To achieve this, I am currently thinking of breaking the DB schema upgrade scripts into two parts. The upgrade would look like this:

Web-Server on node A is taken off-line; traffic continues to be processed by web-server on node B.
Transitional Schema changes are applied to DB servers
Web-Server A code-base is updated, caches are cleared, and any other upgrade actions are taken.
Web-Server A is brought online and web-server B is taken offline.
Web-server B code-base is updated, caches are cleared, and any other upgrade actions are taken.
Web-server B is brought online.
Final Schema changes are applied to DB

'Transitional Schema' would be designed to establish a cross-version compatible DB. This would mostly make use of table views that simulate the old version schema whilst the table itself would be altered to the new schema. This allows the old version to interact with the DB as normal.

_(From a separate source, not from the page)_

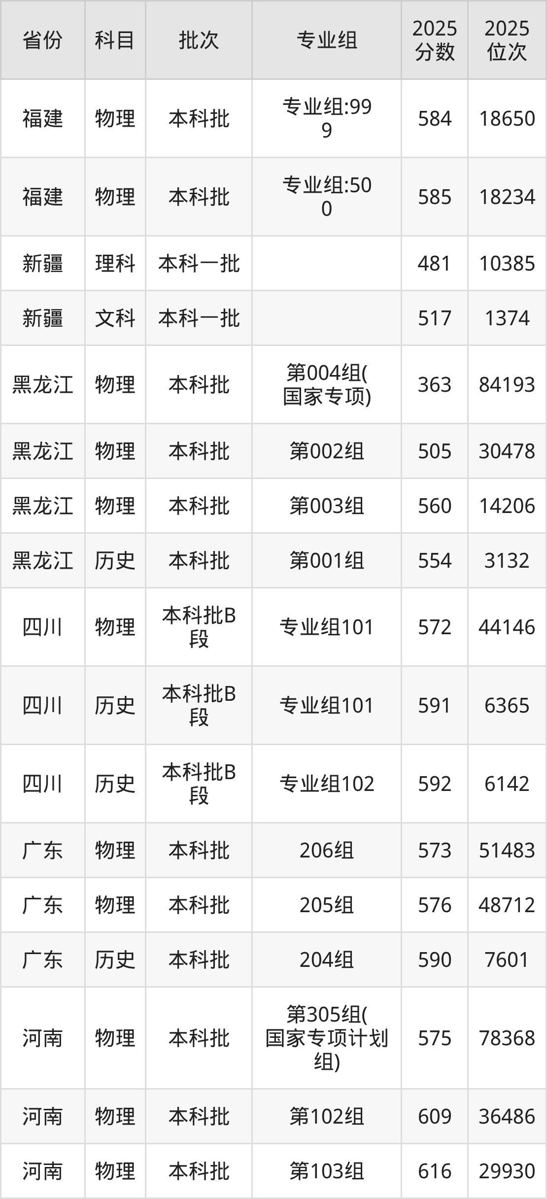 普通类本科物理类最低572分,本科历史类最低591分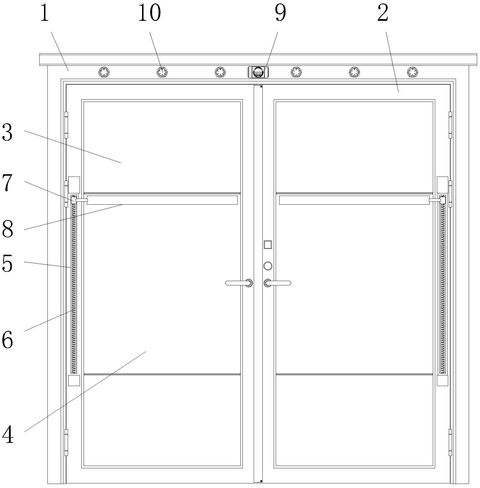 本实用新型公开了一种具有隔音功能的医用双包套玻璃防火门,包括双包门套、安装框、烟雾感应器和滑板,所述双包门套的内侧转动安装有金属门框,所述安装框焊接在金属门框的外侧面,且安装框的内部转动连接有定位丝杆,所述烟雾感应器固定安装在双包门套的上端中间位置,所述金属门框的侧面安装有侧边板,所述密封条通过密封槽与金属门框相互连接,所述横板的侧面固定安装有纤维棉板,所述滑板对称安装在侧边板的内部两侧,所述定位丝杆的下端外侧面焊接有传动齿轮。该具有隔音功能的医用双包套玻璃防火门,采用新型的结构设计,使得本装置安装使用的隔音效果较好,且该装置设置有烟雾处理结构,提高出现火灾时夹胶玻璃的可视效果。

The table names would include schema version numbers to ensure that there won't be any confusion about which table to write to.

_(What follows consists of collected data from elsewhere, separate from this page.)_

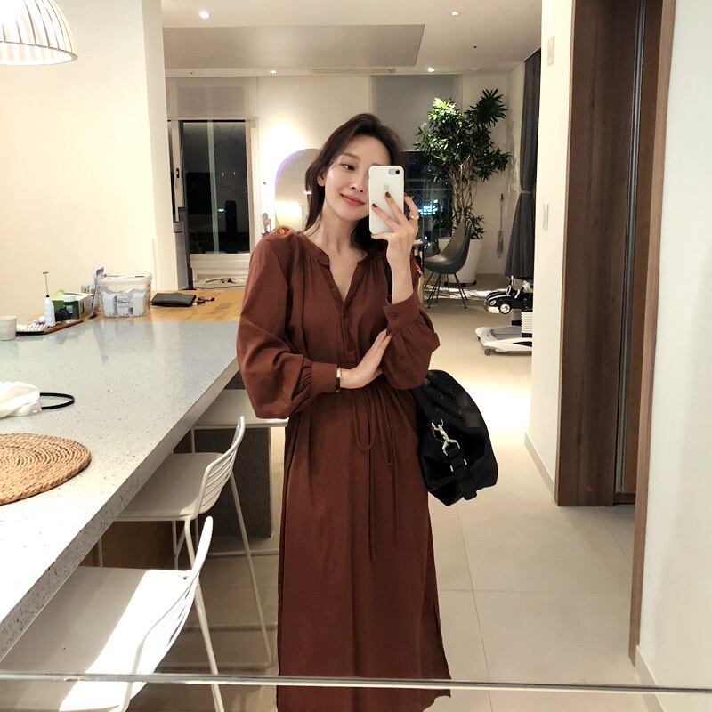 スタンダードスタイルドレス ルーズシャツ スカート ウェスト レトロ フラワーデザイン 左左右右3068480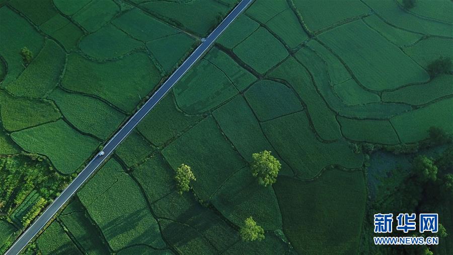 這是8月4日無人機拍攝的安徽黟縣宏村風(fēng)景區(qū)附近的農(nóng)田。新華社記者 張端 攝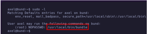 axel@bund:~$ sudo -u root /usr/local/bin/bundle help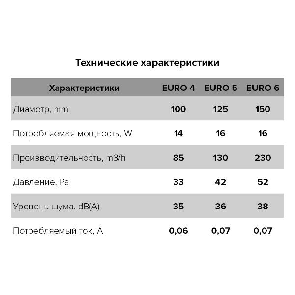 Вентилятор поставляется с крепежным комплектом, благодаря которому его легко самостоятельно установить. Диаметр воздуховода составляет 150 мм. Осевой рабочий механизм.

'Final Schema' would remove the backwards compatibility and tidy the schema.

Question

In short, will this work?

more specifically:

Will there be problems due to the potential for concurrent writes at the specific point of the transitional schema change? Is there a way to make sure that the group of queries that modify the table and create the backwards-compatible view are executed consecutively? i.e. with any other queries being held in buffer until the schema changes are completed, which will generally only be milliseconds.
Are there simpler methods that provide this degree of stability whilst also allowing updates without down-time? It is also preferred to avoid the 'evolutionary' schema strategy as I do not wish to become locked into backwards schema compatibility.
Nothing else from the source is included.